If you ever felt that sorting waste into different boxes for recycling was a challenge, then the task facing British Nuclear Group (BNG) puts this job into clear context.

In April last year, the Government set up the Nuclear Decommissioning Authority, whose objective is to clean up every UK nuclear power plant down to a greenfield site within 25 years.

As a specialist site management and nuclear clean-up business,
BNG must meet the challenge head-on. With waste falling into four streams relating to its level of radioactivity, everything from overalls to office blocks has to be checked, with asbestos and other hazardous factors also accounted for.

Any waste deemed to carry a high level of risk is treated and sorted into stainless steel containers and set in concrete to be stored indefinitely. Even rubber gloves are compacted in containers and kept at a secure location.

BNG commercial manager John Gould says: "We have no option. The last thing we want is contamination in the recycling chain. We operate very strict controls. For example, you couldn't bring a lump of coal offsite because of potential risks."

Even with such stringent regulations, Gould estimates that anything between 60% and 80% of a nuclear power plant gets recycled. But the task is a lot more complicated than merely stripping the plant down.

He explains: "At the end of a nuclear plant's life, when it stops producing, we'll begin removing the nuclear fuel elements. There will be 50,000-60,000 or more of these elements in the feed. Once removed, we'll put them into intermediate storage for cooling down, and then to Sellafield for reprocessing."

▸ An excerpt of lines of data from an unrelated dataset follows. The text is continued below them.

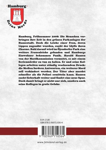 Hamburg, Frühsommer 2008: Die Menschen verbringen ihre Zeit in den grünen Parkanlagen der Hansestadt. Doch die Leiche einer Frau, deren Lippen zugenäht wurden, raubt der Idylle ihren Charme. Bald darauf wird im Öjendorfer Park eine weitere Frauenleiche gefunden und Hamburgs Einwohner bekommen Panik. Harald Hansen, Kommissar der Mordkommission, vermutet, es mit einem Serienmörder zu tun zu haben. Er und seine Kollegen arbeiten unter ständig wachsendem Druck: die Medien fordern Antworten, ein weiterer Mord soll verhindert werden. Der Täter aber mordet schneller als die Polizei ermitteln kann. Hansen sucht fieberhaft weiter und findet eine neue Spur. Doch damit bringt er nicht nur sich, sondern auch seine Kollegen in große Gefahr.Der 2. Fall des bärbeißigen Hamburger Kommissars bietet wieder Krimigenuss vom Feinsten. Die grausame Mordserie führt Ermittler und Leser auf eine spannende Jagd durch die Hamburger Parkanlagen östlich der Alster - und sicherlich wird nicht nur den Einwohnern der Stadtteile Barmbek, Bramfeld und Horn ein Schauer über den Rücken laufen, wenn sie - bisher ahnungslos - an den Schauplätzen der Serienmorde vorübergehen.
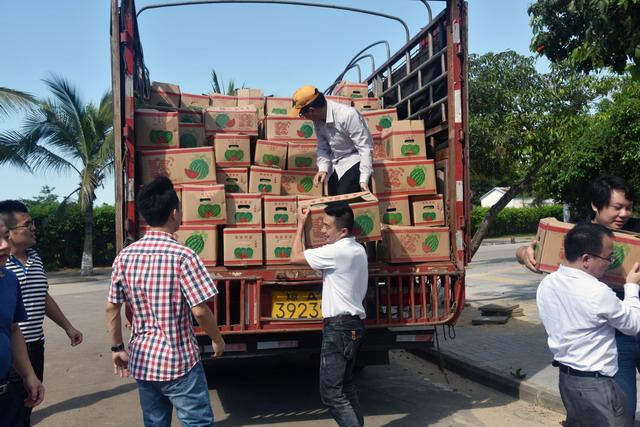 为了帮助解决文昌铺前镇瓜农西瓜滞销难题,公司积极响应海南省农业厅组织省级农业龙头企业献爱心、助瓜农的号召,5月29日特派外联部部长许坚亲自前往文昌市铺前镇林梧村,现场采购几万斤西瓜,帮助瓜农度过难关,减少损失。
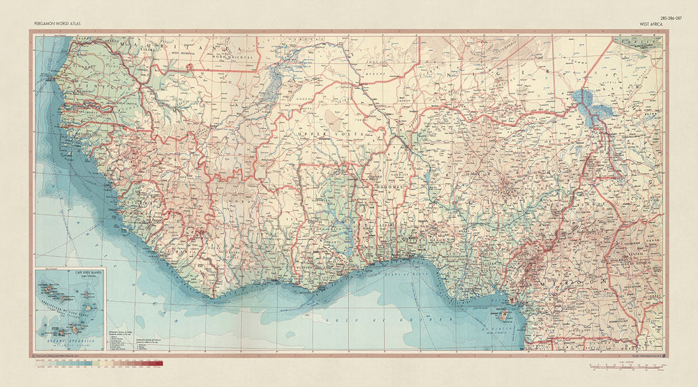 Old Map of West Africa, 1967: Political and Physical Map, Benin, Ivory Coast, Cameroon, Nigeria

Only when this has been completed can the company even begin thinking about what could be re-cycled.

"The plants are generally fairly old, from the 1950s or 1960s. They are disposed of as scrap and treated accordingly," says Gould. "As for the turbine generator, the copper is reused and recycled. The rotar will weigh about 200 tonnes and will have lots of good quality steel and copper."

Gould works on contracts for scrap metal and anything from refurbishing building structures to getting radio-active waste out. After a plant is decommissioned, he employs contractors to sort waste into different streams and dispose of it.

Office blocks will be used as rubble, while steel windows, copper wiring and lead will be sorted.
They will leave in different releases, carefully checked. Some will be declared not contaminated and will enter the recycling chain, while other materials will be monitored, and those that are contaminated will be treated and stored.

He says: "Solid low-level waste is stored at Drigg in Cumbria. Intermediate goes to Sella- field pending disposal, as does the high-level waste. We have no ceiling on the amount of time it is kept - it'll probably be there for 1,000 years."

Other entities such as workshop equipment, filing cabinets, benches and desks will be looked at and if there is no further use for them within the company, they will also be put out for recycling.
The lead acid batteries that power the stations can be separated into acid, lead and glass for reuse. They are 100 times bigger than a car battery and there are up to 700 of them in a room.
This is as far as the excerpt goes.